• **INSTRUCTIONS FOR THE TASK**
Leave every image out, and print the remaining lines below exactly.

• **EXERCISE MATERIALS**

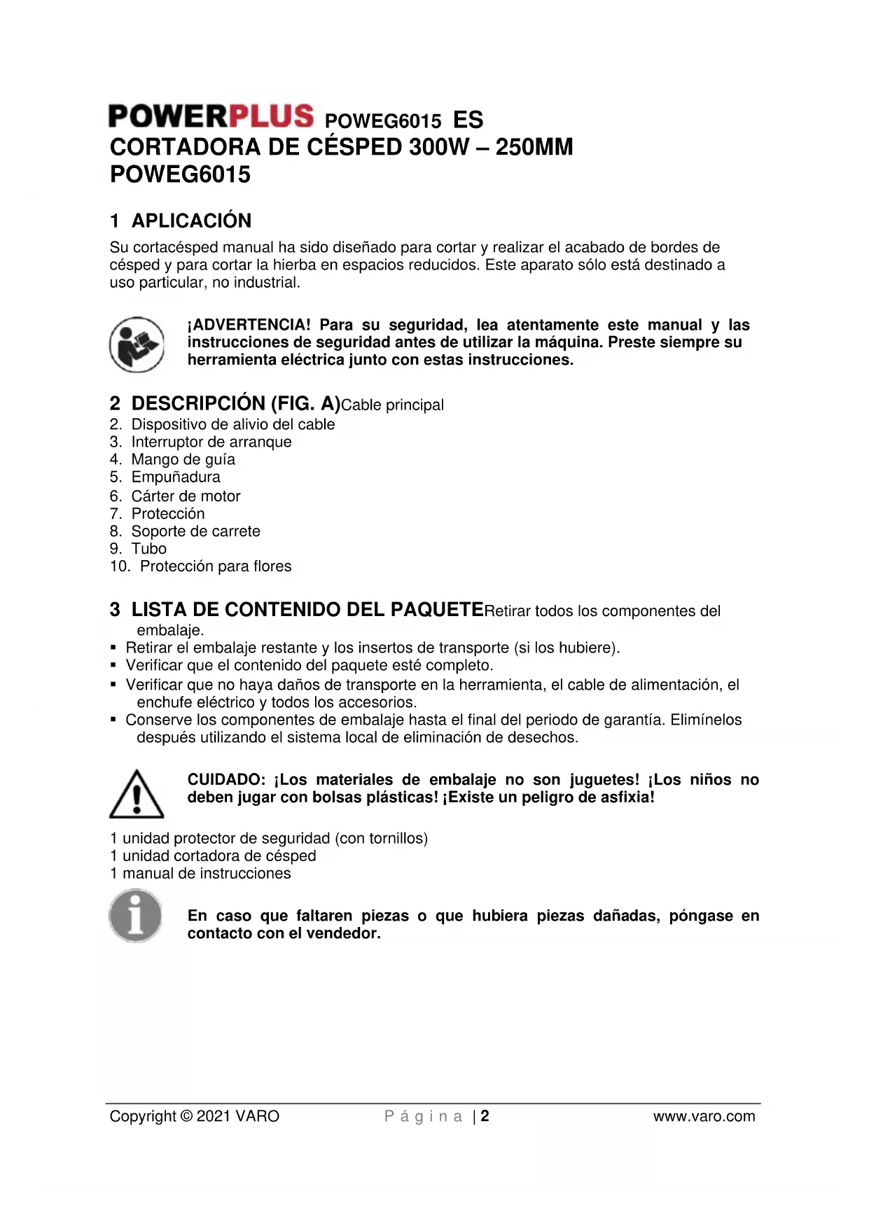 - No almacene la cortadora de césped directamente sobre el suelo. Cuélguela por la empuñadura de manera que la protección no toque nada. Colocar la protección sobre una superficie puede alterar el filo y por consiguiente modificar sus dimensiones y características de seguridad.POWEG6015 ES Copyright © 2021 VARO P á g i n a | 9 www.varo.com 13 GARANTÍAEste producto está garantizado, de acuerdo con la normativa legal, por un periodo de 24 meses, efectivos desde la fecha de compra por el primer usuario.
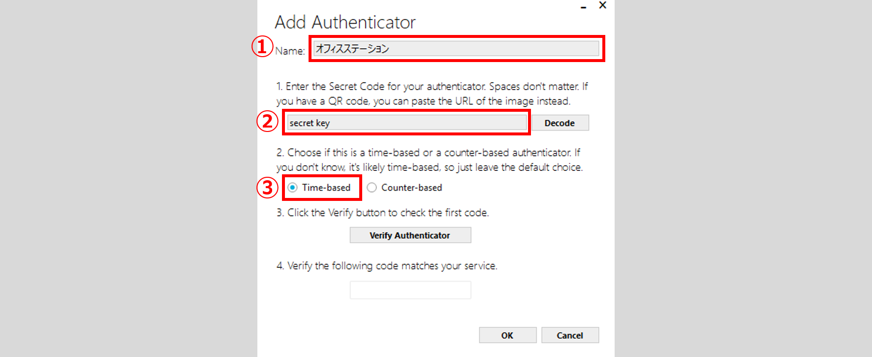 Win Auth起動時に表示する名称を「Name」(①)に入力し、コピーした「シークレットキー」を②に貼り付けます。
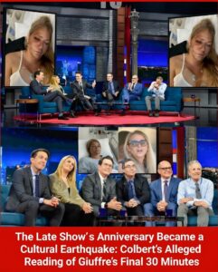 The broadcast, as the story goes, transformed an anniversary episode into a cultural earthquake. Before a stunned audience of millions, Colbert allegedly read aloud the words attributed to Virginia Giuffre in the final 30 minutes of her life — words that named 16 individuals, described as members of a hidden network of power long shielded from scrutiny.
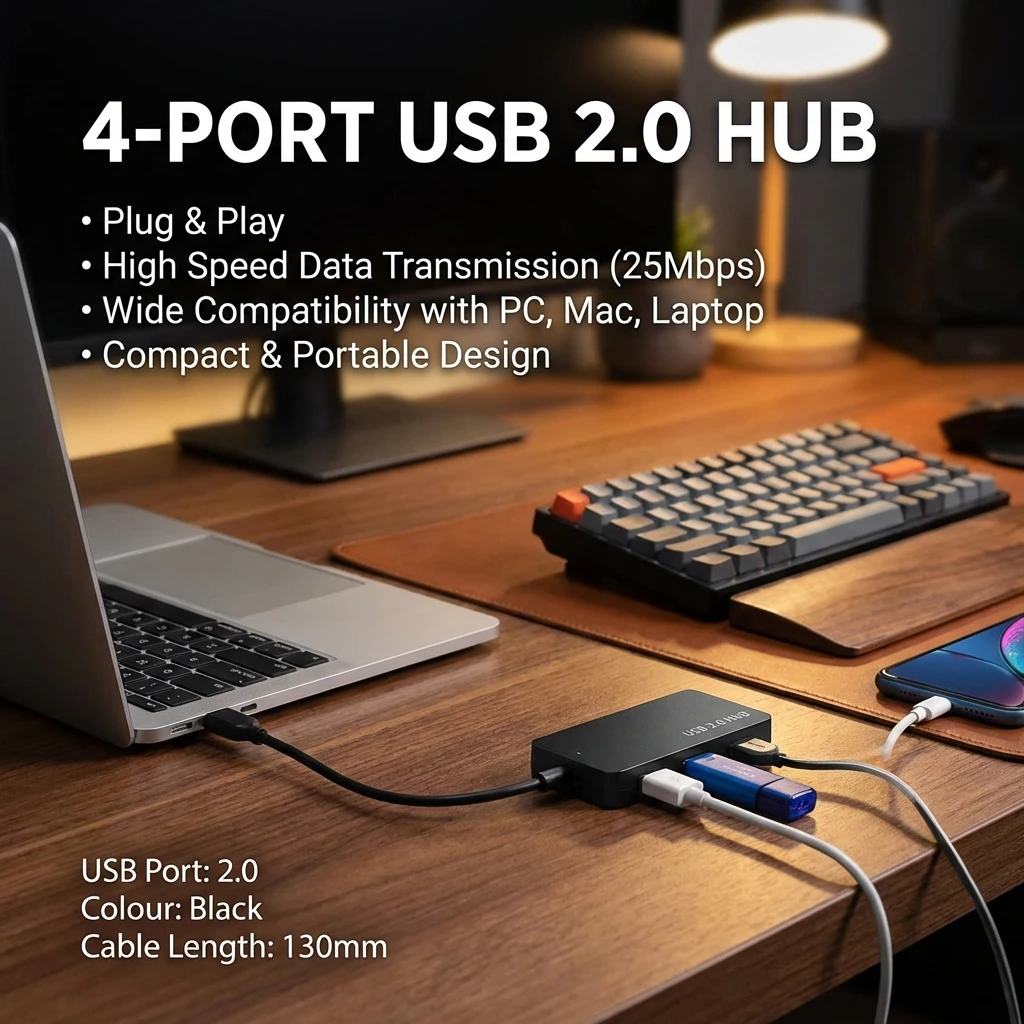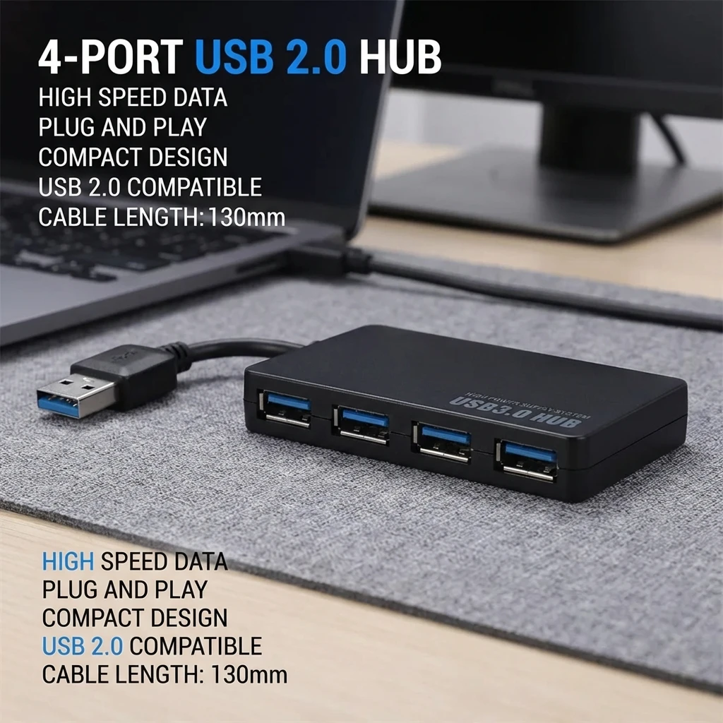 High-Speed USB 2.0 Hub 4-Port Data Cable Splitter Adapter Multi-System Plug And Play Expander for Enhanced Connectivity
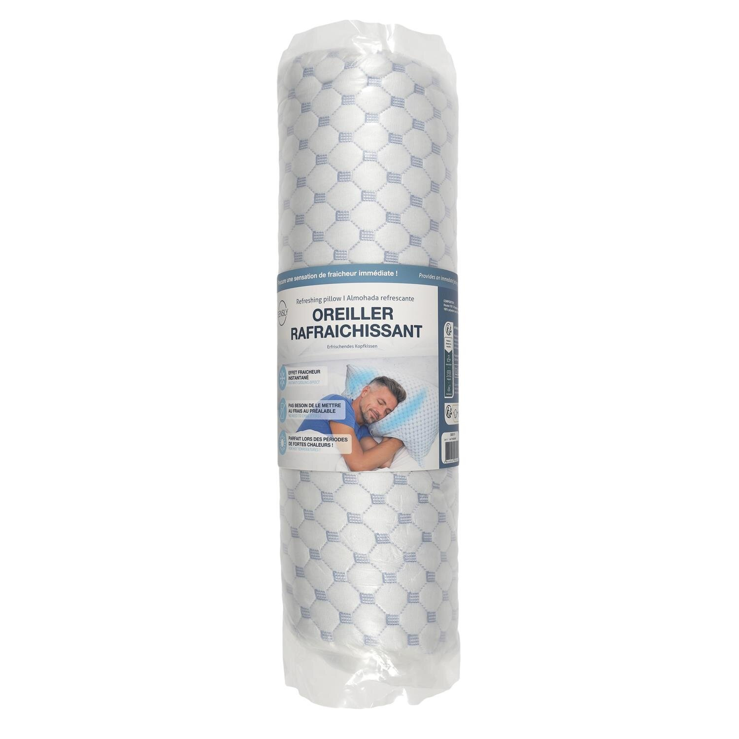 Poduszka chłodząca wprowadzi nasz sen na wyższy poziom komfortu. Poduszka, któa w dotyku wydaje się być chłodna doda rześkości i pozwoli uniknąć przegrzania. Wykonana z połączenia pianki poliestrowej i włókien bambusowych, które dają uczucie chłodu. Można prać w pralce i suszyć w suszarce. Waga poduszki 1,2 kg.
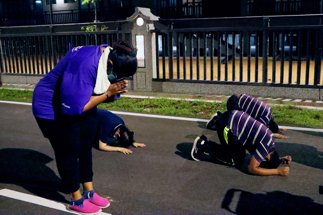 一开始,有人不熟悉,跟不上脚步,在工作人员的引导下,快速整队。有些人手都被沙子磨伤,膝盖也微微作痛,心却是清净明朗。队伍中也看见不少长者拄着拐杖、坐在轮椅;个个以虔诚精进的心来礼拜静思堂,一起跟着队伍虔诚一念心朝拜,一起“回家”。

• **YOUR RESPONSE**
 - No almacene la cortadora de césped directamente sobre el suelo. Cuélguela por la empuñadura de manera que la protección no toque nada. Colocar la protección sobre una superficie puede alterar el filo y por consiguiente modificar sus dimensiones y características de seguridad.POWEG6015 ES Copyright © 2021 VARO P á g i n a | 9 www.varo.com 13 GARANTÍAEste producto está garantizado, de acuerdo con la normativa legal, por un periodo de 24 meses, efectivos desde la fecha de compra por el primer usuario.
 Win Auth起動時に表示する名称を「Name」(①)に入力し、コピーした「シークレットキー」を②に貼り付けます。
 The broadcast, as the story goes, transformed an anniversary episode into a cultural earthquake. Before a stunned audience of millions, Colbert allegedly read aloud the words attributed to Virginia Giuffre in the final 30 minutes of her life — words that named 16 individuals, described as members of a hidden network of power long shielded from scrutiny.
 High-Speed USB 2.0 Hub 4-Port Data Cable Splitter Adapter Multi-System Plug And Play Expander for Enhanced Connectivity
 Poduszka chłodząca wprowadzi nasz sen na wyższy poziom komfortu. Poduszka, któa w dotyku wydaje się być chłodna doda rześkości i pozwoli uniknąć przegrzania. Wykonana z połączenia pianki poliestrowej i włókien bambusowych, które dają uczucie chłodu. Można prać w pralce i suszyć w suszarce. Waga poduszki 1,2 kg.
 一开始,有人不熟悉,跟不上脚步,在工作人员的引导下,快速整队。有些人手都被沙子磨伤,膝盖也微微作痛,心却是清净明朗。队伍中也看见不少长者拄着拐杖、坐在轮椅;个个以虔诚精进的心来礼拜静思堂,一起跟着队伍虔诚一念心朝拜,一起“回家”。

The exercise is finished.